Using better data enables both talent and technology, to make sure teams and tools have the information and inputs they need. “Every day, our logistics app is updated with movement of crane activity or pedestrian changes so that information is accurate that day rather than something that was made two months ago,” says Butler.
PM Group extensively interrogates every model it receives from internal and external engineers. “We give it a scorecard and if it fails on something that we feel is critical for model health, then we will not take it on. We’ll say, ‘It failed but here’s how to fix it.’ And then we’ll ask them to resubmit.”
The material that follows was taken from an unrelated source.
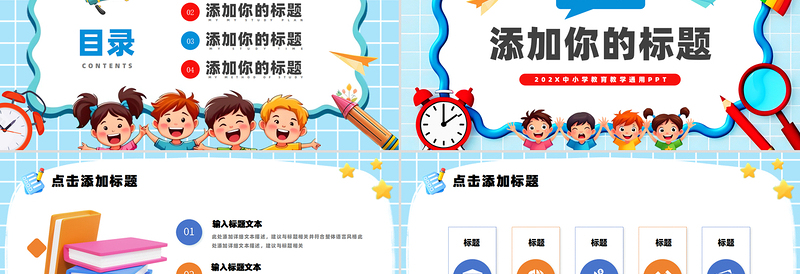 教育教學PPT卡通創意風中小學生說課教學班會通用模板

Putting models through increased rigor on the front end ensures more efficient work and improved quality control on the back end. It has even resulted in new job roles, according to Butler, who created the position of “model QA technician” to provide a data liaison between engineers and clients. Though the role didn’t exist a few years ago, she now has three model QA technicians on her team. “Every project wants one,” she says of the role. “It’s really improving the quality of our submissions and is educating our clients on what they are getting from the engineer of record.”
To maintain its positive momentum for its people and technology, PM Group embraces a long-term view of staffing and professional development. That starts with skills assessment and planning.
“Skill set evaluation is really underestimated in the industry. Everybody’s clamoring to fill roles without really understanding competency,” Butler says. PM Group applies the same effort to engineering career paths as it does to engineering buildings. “It’s understanding where people are at right now, where they want to be in five years, and how you can support that.”
This also requires understanding where your business is going, what skills it will need, and how you can prepare the people you have today for the roles of tomorrow—for example, by embracing the idea of digital apprenticeships.
“If I wanted someone to come into the trade and I wanted to make them an electrician, there are apprenticeships to help them do that. But if I want somebody to be a BIM clash manager, there are no apprenticeships to put them on that path,” Butler says. “That’s a huge miss in our industry. We need to be a little bit more nurturing.”
Nurturing isn’t about being soft, Butler says—it’s about being strategic. When leaders know what their team members are good at and what they want to achieve, it’s a clearer path to making smart investments in people and technology that will yield positive results for the individual and for the business.